─── DATA BLOCK ───

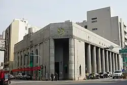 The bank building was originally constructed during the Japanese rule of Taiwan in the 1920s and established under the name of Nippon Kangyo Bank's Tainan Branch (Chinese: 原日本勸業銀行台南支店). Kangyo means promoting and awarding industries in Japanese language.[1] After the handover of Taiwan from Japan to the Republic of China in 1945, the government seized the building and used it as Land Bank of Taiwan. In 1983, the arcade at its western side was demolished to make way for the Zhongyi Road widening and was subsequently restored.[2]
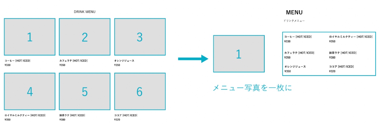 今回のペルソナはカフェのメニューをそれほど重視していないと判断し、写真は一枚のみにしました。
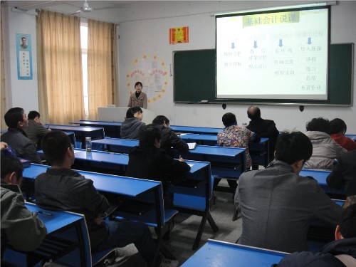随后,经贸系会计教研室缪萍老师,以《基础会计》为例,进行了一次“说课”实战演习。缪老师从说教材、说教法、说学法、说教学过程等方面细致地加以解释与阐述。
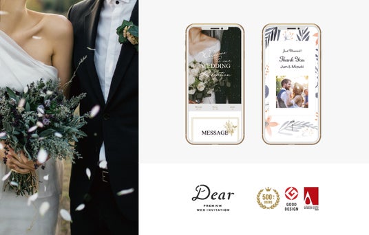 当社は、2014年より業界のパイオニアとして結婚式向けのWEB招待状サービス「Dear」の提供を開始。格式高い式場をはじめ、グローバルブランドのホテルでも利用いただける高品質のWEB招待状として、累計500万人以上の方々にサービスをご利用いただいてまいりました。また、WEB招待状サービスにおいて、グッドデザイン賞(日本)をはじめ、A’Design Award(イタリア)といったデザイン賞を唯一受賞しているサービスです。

───

WHAT YOU NEED TO DO:
The reply must hold every line above exactly as written and none of the pictures.

TASK OUTPUT:
 The bank building was originally constructed during the Japanese rule of Taiwan in the 1920s and established under the name of Nippon Kangyo Bank's Tainan Branch (Chinese: 原日本勸業銀行台南支店). Kangyo means promoting and awarding industries in Japanese language.[1] After the handover of Taiwan from Japan to the Republic of China in 1945, the government seized the building and used it as Land Bank of Taiwan. In 1983, the arcade at its western side was demolished to make way for the Zhongyi Road widening and was subsequently restored.[2]
 今回のペルソナはカフェのメニューをそれほど重視していないと判断し、写真は一枚のみにしました。
随后,经贸系会计教研室缪萍老师,以《基础会计》为例,进行了一次“说课”实战演习。缪老师从说教材、说教法、说学法、说教学过程等方面细致地加以解释与阐述。
 当社は、2014年より業界のパイオニアとして結婚式向けのWEB招待状サービス「Dear」の提供を開始。格式高い式場をはじめ、グローバルブランドのホテルでも利用いただける高品質のWEB招待状として、累計500万人以上の方々にサービスをご利用いただいてまいりました。また、WEB招待状サービスにおいて、グッドデザイン賞(日本)をはじめ、A’Design Award(イタリア)といったデザイン賞を唯一受賞しているサービスです。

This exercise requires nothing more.